NYC Express Bus
- Parent: Golden Touch Transportation of NY, Inc.
- Founded: 2011
- Ceased operation: 2020
- Headquarters: Astoria, New York
- Locale: New York City
- Service area: Midtown Manhattan
- Service type: Express bus service
- Destinations: LGA, JFK, PenStation, PABT, GCT
- Operator: Golden Touch Transportation of NY, Inc./franchised bus operators

= NYC Express Bus =

NYC Express Bus, formerly known as NYC Airporter, was an airport transfer service. NYC Express bus service operated express motor coaches between New York metropolitan area airports and Manhattan owned by Golden Touch Transportation of NY, Inc. It was the only permitted official operator of express airport bus service for the New York City Department of Transportation and Port Authority of New York and New Jersey (the airports' operator).

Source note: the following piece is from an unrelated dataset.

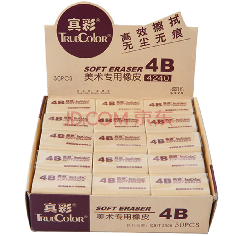 商品相册:真彩(TRUECOLOR)学生考试美术绘图4B橡皮擦 黄色30个/盒*2盒 4240第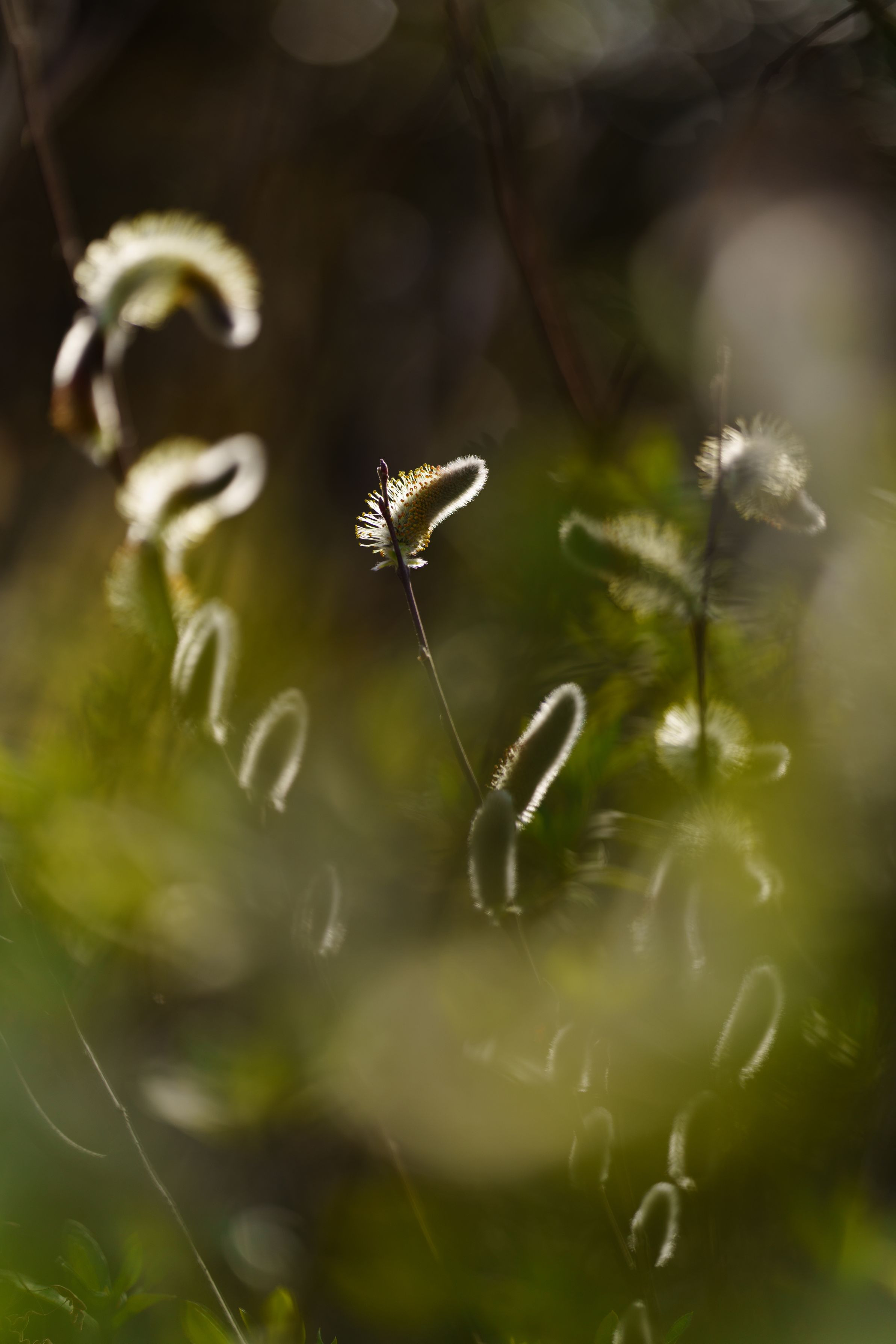逆光で撮った振袖柳。 ふさふさした部分が光を反射してとても綺麗でした。 よ~く見てみると、なんと、花が咲いていました! 振袖柳にも春が訪れていました。 ※名前は振袖柳のようなので、修正しました!

NYC Express bus was managed by Golden Touch Transportation, a Transdev affiliate, and operated by franchised bus operators using Golden Touch/NYC Airporter-branded vehicles. These vehicles included diesel and hybrid-electric cutaway buses built on IC Bus chassis, Gillig transit buses, and others. Operations began in January 2011 when Golden Touch acquired the John F. Kennedy International Airport and LaGuardia Airport express airport bus permit with the NYCDOT and Port Authority, previously held by New York Airport Service (which now operates vans instead of their buses), allowing Golden Touch to begin express service from Manhattan to the two airports and ended sometime in 2020. The service was branded NYC Airporter, “Your Express Ride to New York City”.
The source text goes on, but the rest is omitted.